On 30.01.2013 18:06, Philip Langdale wrote:
> On Wed, 30 Jan 2013 00:25:14 +0100
> thomas schorpp <thomas.schorpp at gmail.com> wrote:
>
>> Hello,
>>
>> 1.
>> Are You all with vdpau now or was it the kernel crashing driver bug
>> why most crystal HD projects dropped now for about a year? Patch
>> attached. Seems to work, no more kernel crashes so far. Broadcom
>> authors and owner of crystalhd @git.linuxtv.org (latest codebase) not
>> responding, google group left, anybody out there?
>
> Hi Tom,
>
> Yes, it's a bit of a dead community. I haven't had the time to look
> seriously at CrystalHD work for a while. It's very time consuming and
> frustrating at this point - as most of what you're doing is trying to
> work around lack of information. You can't trust the driver/library to
> tell you when a frame a ready, or when a new input packet is needed, or
> whether an output frame is interlaced or not. 80%+ of crystalhd.c is
> interlaced heuristics!

Yes, looks like You can fill the pipeline with 100s of frames but ReadyListCount
does not increase >1 unless DtsProcOutputNoCopy is called.
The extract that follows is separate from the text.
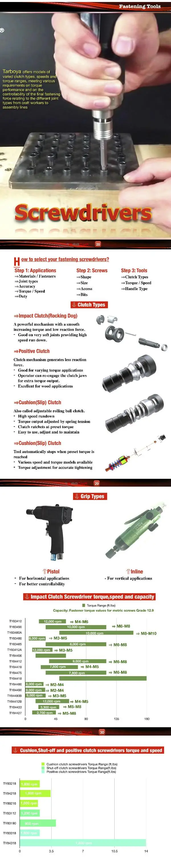 TY83480 is a reversible air impact screwdriver provides plenty of torque in hard-to-reach places. It has three speed settings in addition to reverse and features a spring-loaded quick-release chuck for added convenience. The ergonomic paddle switch reduces hand fatigue for extended use.

My last control loop experiment is attached. -patch-

I've managed to raise transcoding performance with -vf mp=stereo3d from
15 up to 25 in a few cases with some settings here

//    if (priv->output_ready < 2) {
     if (decoder_status.FreeListCount > 2 && decoder_status.ReadyListCount < 1) {
//        if (decoder_status.ReadyListCount != 0)
//            priv->output_ready++;
         usleep(BASE_WAIT);
     av_log(avctx, AV_LOG_WARNING, "Filling pipeline. Current delay: %"PRIu64" us  FreeListCount %d ReadyListCount: %d \n", priv->decode_wait,  decoder_status.FreeListCount, decoder_status.ReadyListCount);
         return len;
     } else if (decoder_status.FreeListCount > 0 && decoder_status.ReadyListCount < 1) {
         /*
          * After the pipeline is established, if we encounter a lack of frames
          * that probably means we're not giving the hardware enough time to
          * decode them, so start increasing the wait time at the end of a
          * decode call.
          */
         usleep(BASE_WAIT);
         priv->decode_wait += WAIT_UNIT;
         av_log(avctx, AV_LOG_WARNING, "No frames ready. Current delay: %"PRIu64" us  FreeListCount %d ReadyListCount: %d \n", priv->decode_wait,  decoder_status.FreeListCount, decoder_status.ReadyListCount);
         return len;
     }

but video output stream was broken by interrupts and picture "salad" then in most cases.

>
> I had some contact with one of the Broadcom engineers back in 2011 and
> he had said he'd try and get help for all this stuff but he never got
> back to me and I had less and less time to work on it, so my efforts
> tailed off. I got the 70015 working well enough for my needs so my
> personal motivation to fix 70012, which has such different behaviour,
> was low. I know it can be made to work (see gstreamer plugin, vlc, etc)
> but it would be a lot of work to adapt the multi-threaded design to
> an ffmpeg codec.

All the Ebay Chinese sell Azurewave models, but nothing on their website, looks like off-market.

>
>> 2.
>> BCM70012 is running at ~30...40% cpu load with Latencytop measured up
>> to 70% "Application requested delay" using ffmpeg but only at ~10%
>> cpu load under winxp here , so the device is not the problem, not
>> much better with BCM70015, so the current performance of crystal HD
>> support is only about 20% above the ffmpeg software h.264 decoder on
>> a SSE2/3 2 core cpu and ~50% *below* at transcoding and filtering and
>> does not work with Bino, VLC, gstreamer or the NOAD VDR addon, VDR
>> markad seems to work.
>
> This is not too surprisingly, the sleep based approach I took will lead
> to that kind of profile, but as I've discussed before, and somewhat in
> the thread you quote, I was never able to get a delay-free
> implementation to work due to not being able to trust the hardware to
> say when input is needed or output is ready.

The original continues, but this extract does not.